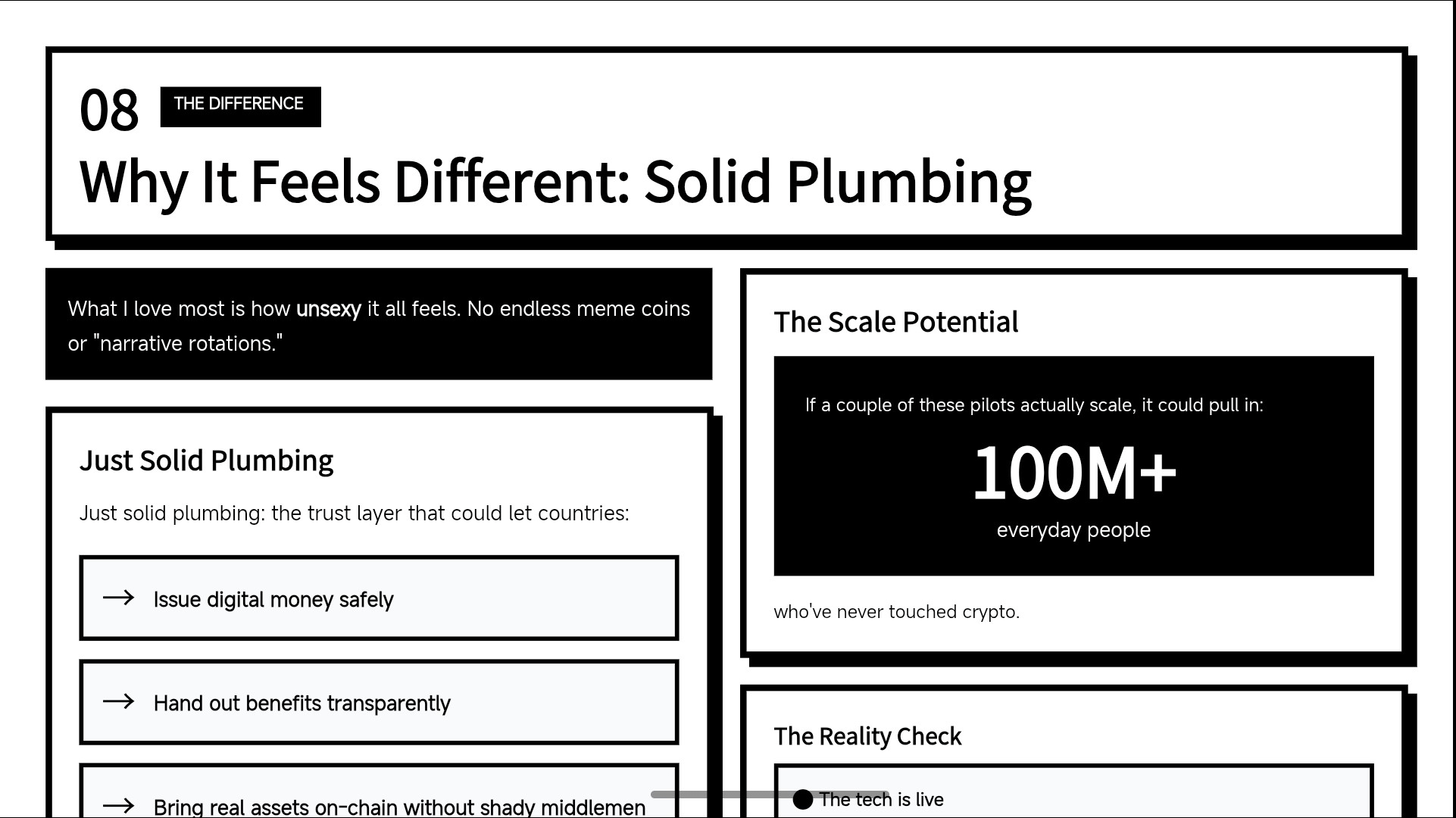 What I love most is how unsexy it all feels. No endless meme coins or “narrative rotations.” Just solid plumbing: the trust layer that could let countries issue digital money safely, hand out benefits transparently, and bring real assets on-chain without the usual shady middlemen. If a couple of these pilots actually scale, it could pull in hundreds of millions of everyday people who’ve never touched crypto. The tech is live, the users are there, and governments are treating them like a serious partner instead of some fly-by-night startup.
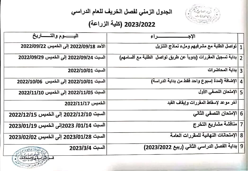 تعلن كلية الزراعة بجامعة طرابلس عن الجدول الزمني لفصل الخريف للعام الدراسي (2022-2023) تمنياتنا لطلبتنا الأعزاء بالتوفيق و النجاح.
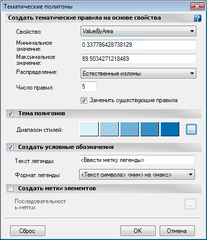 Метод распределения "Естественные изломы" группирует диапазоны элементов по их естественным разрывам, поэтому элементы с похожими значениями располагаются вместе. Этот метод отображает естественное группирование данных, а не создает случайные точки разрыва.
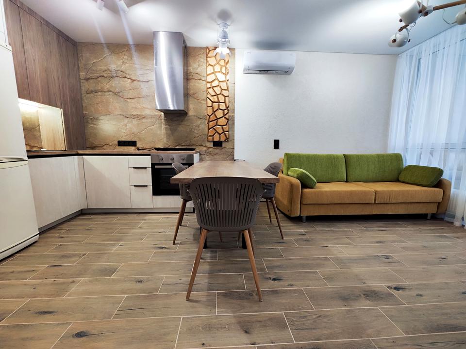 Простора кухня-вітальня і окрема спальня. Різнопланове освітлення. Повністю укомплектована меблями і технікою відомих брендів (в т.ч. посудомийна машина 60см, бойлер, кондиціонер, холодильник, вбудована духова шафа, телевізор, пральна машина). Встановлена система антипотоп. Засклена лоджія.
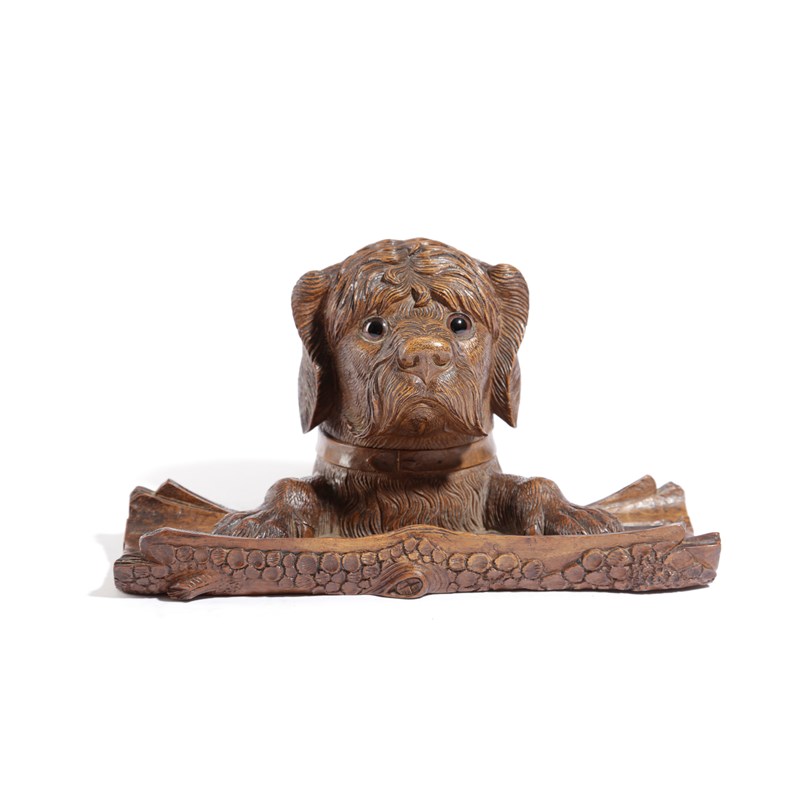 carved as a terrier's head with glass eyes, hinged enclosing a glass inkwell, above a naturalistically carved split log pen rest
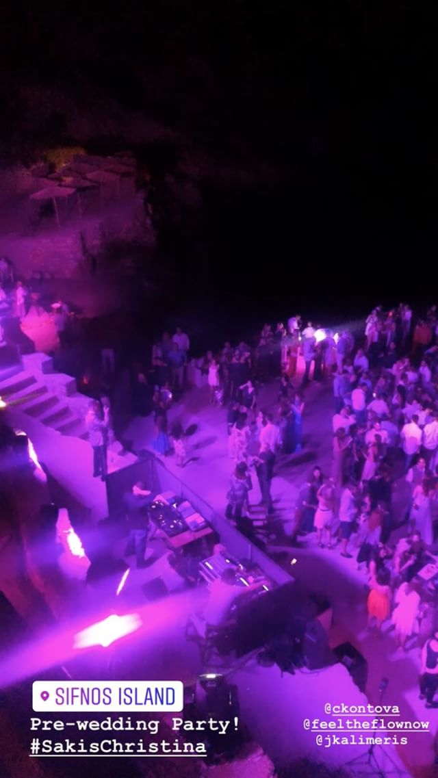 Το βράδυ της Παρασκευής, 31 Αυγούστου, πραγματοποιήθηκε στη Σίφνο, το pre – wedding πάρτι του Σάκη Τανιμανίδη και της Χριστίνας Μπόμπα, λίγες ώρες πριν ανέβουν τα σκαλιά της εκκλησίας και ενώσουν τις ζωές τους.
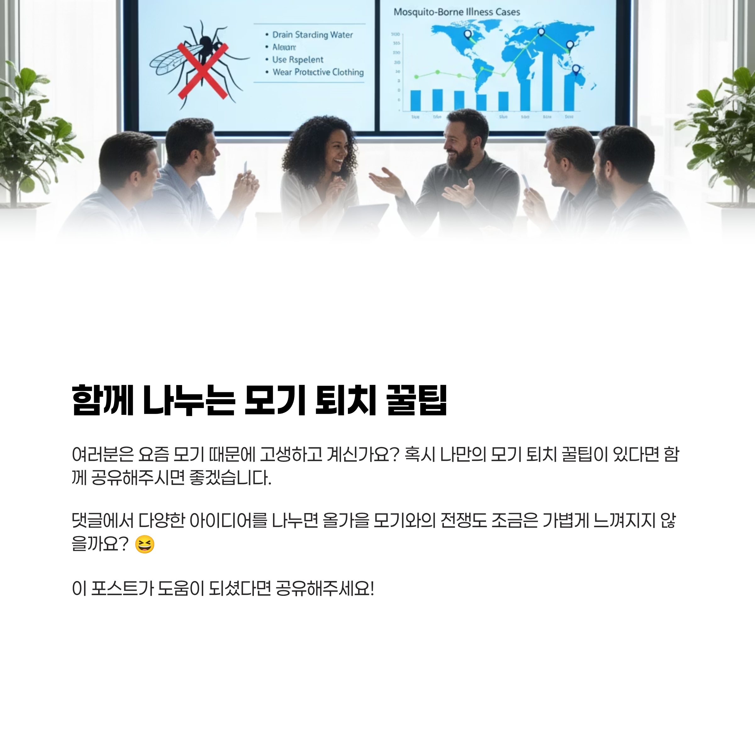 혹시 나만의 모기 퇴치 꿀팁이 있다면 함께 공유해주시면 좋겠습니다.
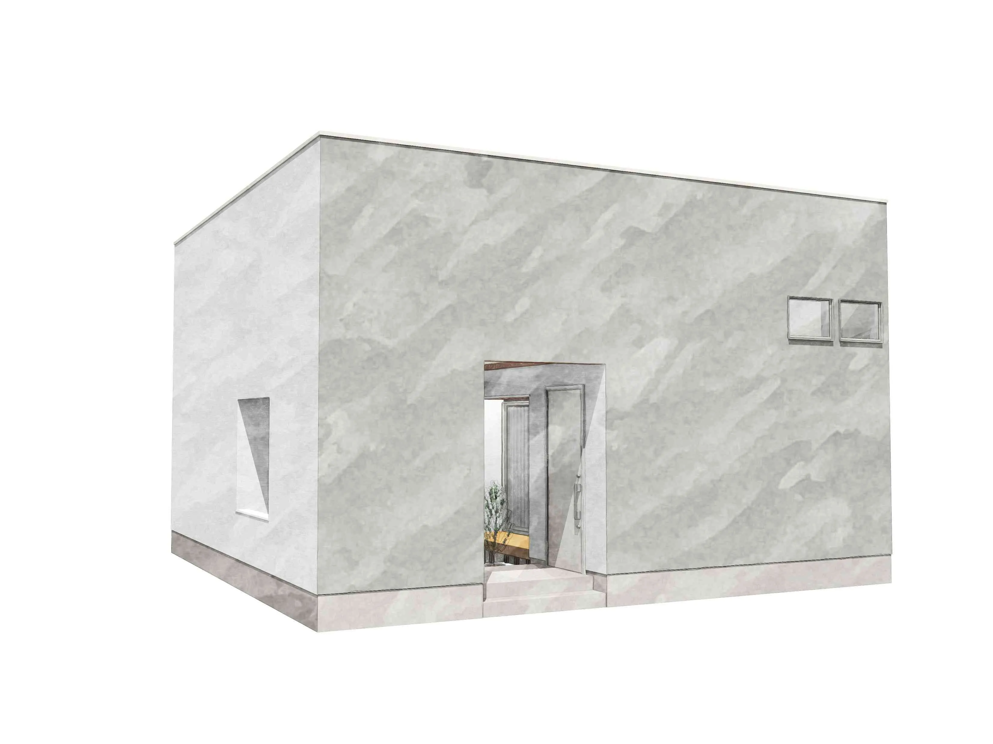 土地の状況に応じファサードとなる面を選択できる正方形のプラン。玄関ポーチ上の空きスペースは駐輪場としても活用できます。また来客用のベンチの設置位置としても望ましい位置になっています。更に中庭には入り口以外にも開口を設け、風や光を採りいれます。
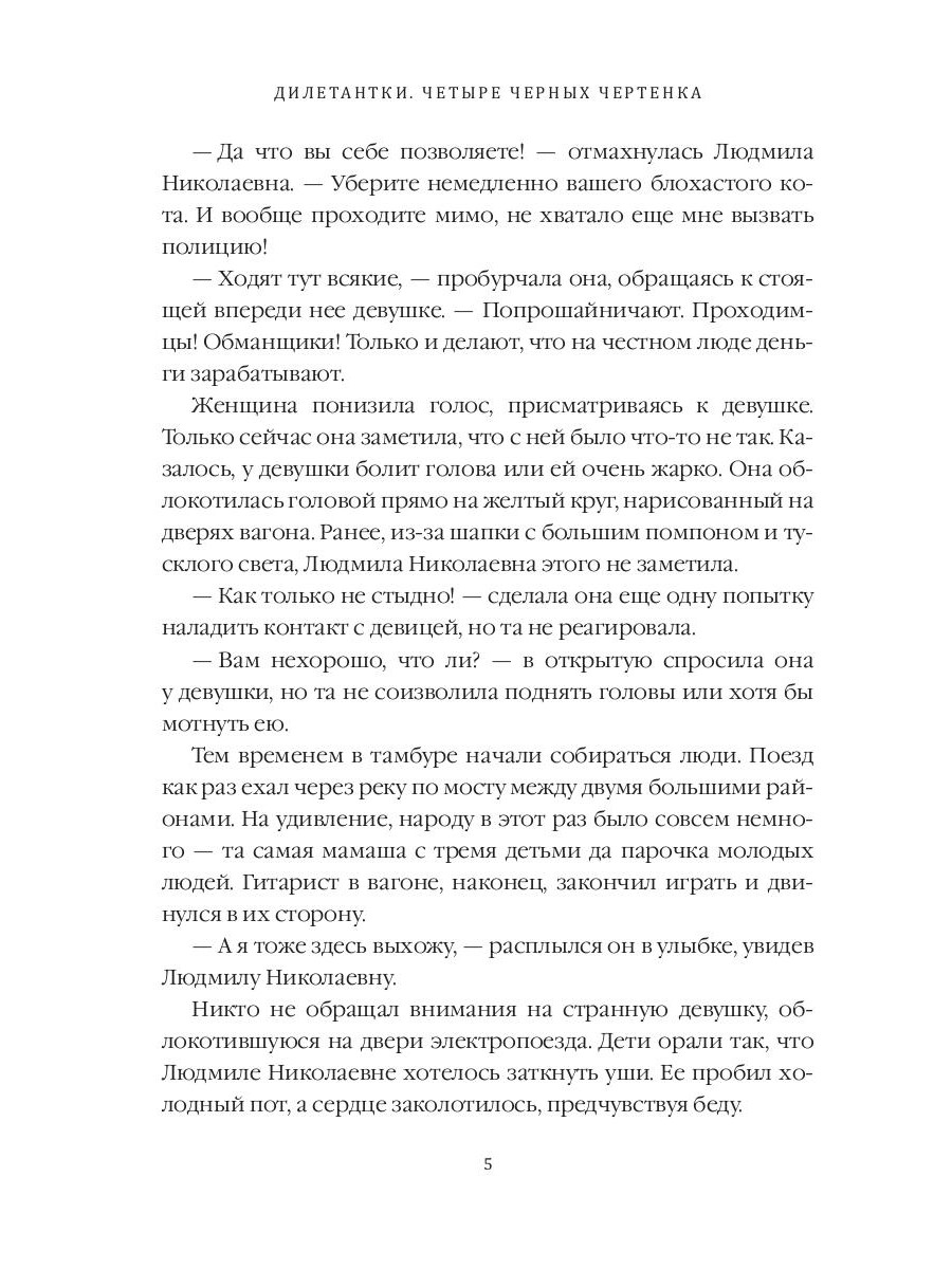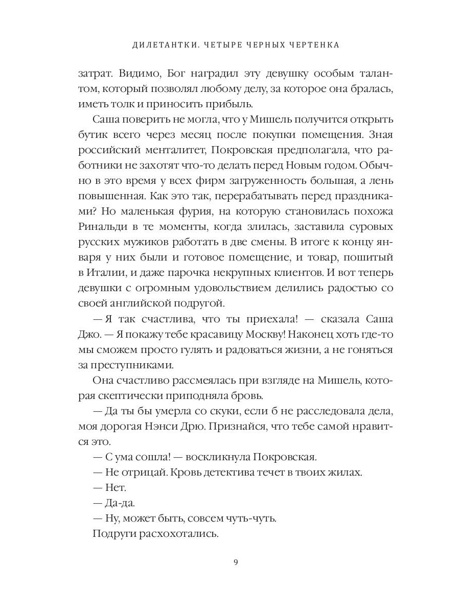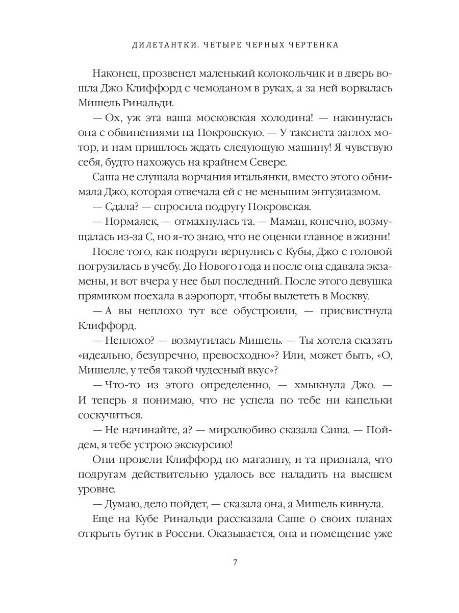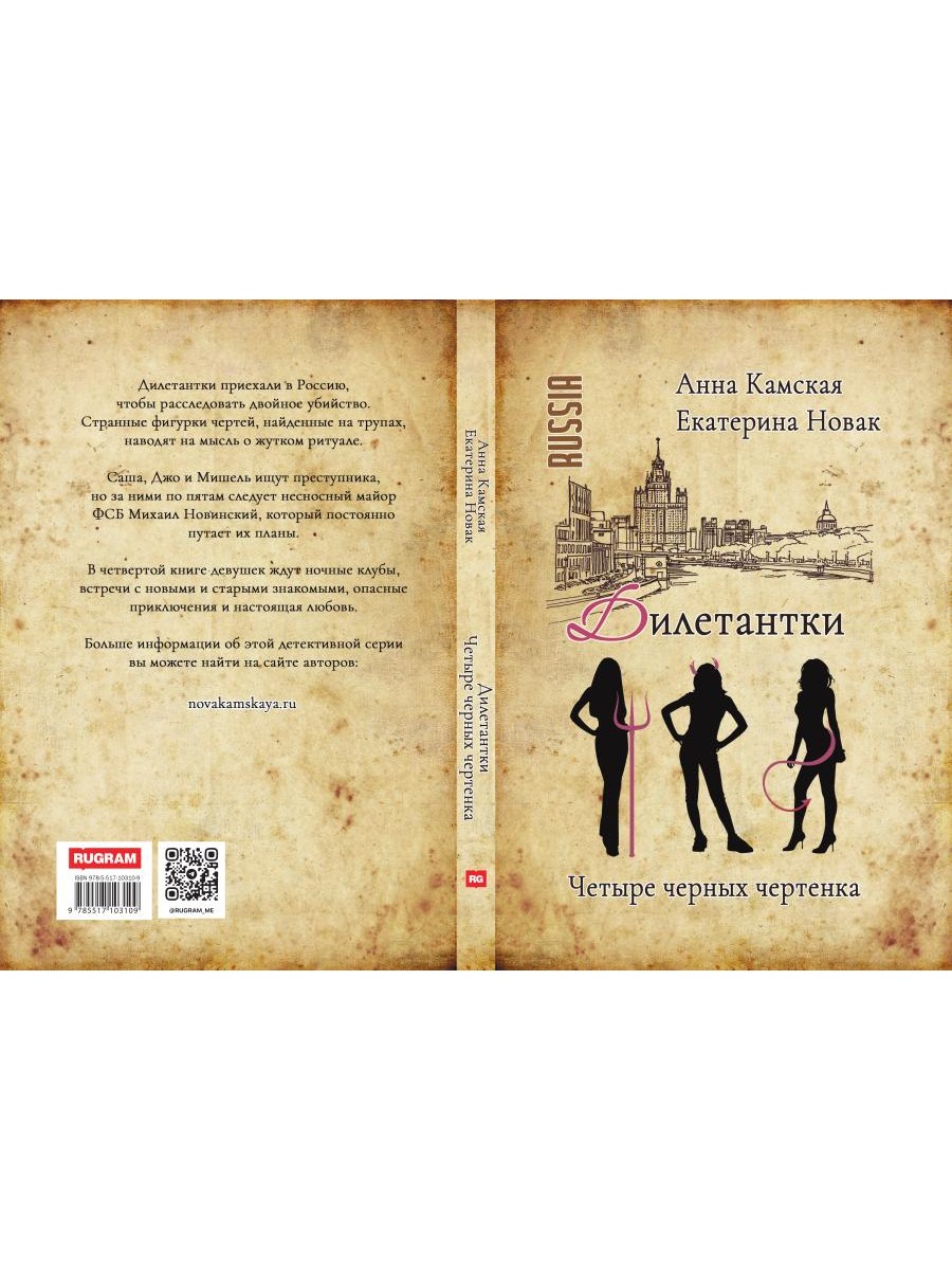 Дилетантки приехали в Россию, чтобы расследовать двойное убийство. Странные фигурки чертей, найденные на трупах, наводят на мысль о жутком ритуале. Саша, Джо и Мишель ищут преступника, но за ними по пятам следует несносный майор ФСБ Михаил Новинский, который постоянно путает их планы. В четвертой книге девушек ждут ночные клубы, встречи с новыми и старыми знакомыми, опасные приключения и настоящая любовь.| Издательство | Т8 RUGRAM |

What you have to do
Drop every picture and repeat the rest of the entries exactly.

Answer below
 What I love most is how unsexy it all feels. No endless meme coins or “narrative rotations.” Just solid plumbing: the trust layer that could let countries issue digital money safely, hand out benefits transparently, and bring real assets on-chain without the usual shady middlemen. If a couple of these pilots actually scale, it could pull in hundreds of millions of everyday people who’ve never touched crypto. The tech is live, the users are there, and governments are treating them like a serious partner instead of some fly-by-night startup.
 تعلن كلية الزراعة بجامعة طرابلس عن الجدول الزمني لفصل الخريف للعام الدراسي (2022-2023) تمنياتنا لطلبتنا الأعزاء بالتوفيق و النجاح.
 Метод распределения "Естественные изломы" группирует диапазоны элементов по их естественным разрывам, поэтому элементы с похожими значениями располагаются вместе. Этот метод отображает естественное группирование данных, а не создает случайные точки разрыва.
 Простора кухня-вітальня і окрема спальня. Різнопланове освітлення. Повністю укомплектована меблями і технікою відомих брендів (в т.ч. посудомийна машина 60см, бойлер, кондиціонер, холодильник, вбудована духова шафа, телевізор, пральна машина). Встановлена система антипотоп. Засклена лоджія.
 carved as a terrier's head with glass eyes, hinged enclosing a glass inkwell, above a naturalistically carved split log pen rest
 Το βράδυ της Παρασκευής, 31 Αυγούστου, πραγματοποιήθηκε στη Σίφνο, το pre – wedding πάρτι του Σάκη Τανιμανίδη και της Χριστίνας Μπόμπα, λίγες ώρες πριν ανέβουν τα σκαλιά της εκκλησίας και ενώσουν τις ζωές τους.
 혹시 나만의 모기 퇴치 꿀팁이 있다면 함께 공유해주시면 좋겠습니다.
 土地の状況に応じファサードとなる面を選択できる正方形のプラン。玄関ポーチ上の空きスペースは駐輪場としても活用できます。また来客用のベンチの設置位置としても望ましい位置になっています。更に中庭には入り口以外にも開口を設け、風や光を採りいれます。
 Дилетантки приехали в Россию, чтобы расследовать двойное убийство. Странные фигурки чертей, найденные на трупах, наводят на мысль о жутком ритуале. Саша, Джо и Мишель ищут преступника, но за ними по пятам следует несносный майор ФСБ Михаил Новинский, который постоянно путает их планы. В четвертой книге девушек ждут ночные клубы, встречи с новыми и старыми знакомыми, опасные приключения и настоящая любовь.| Издательство | Т8 RUGRAM |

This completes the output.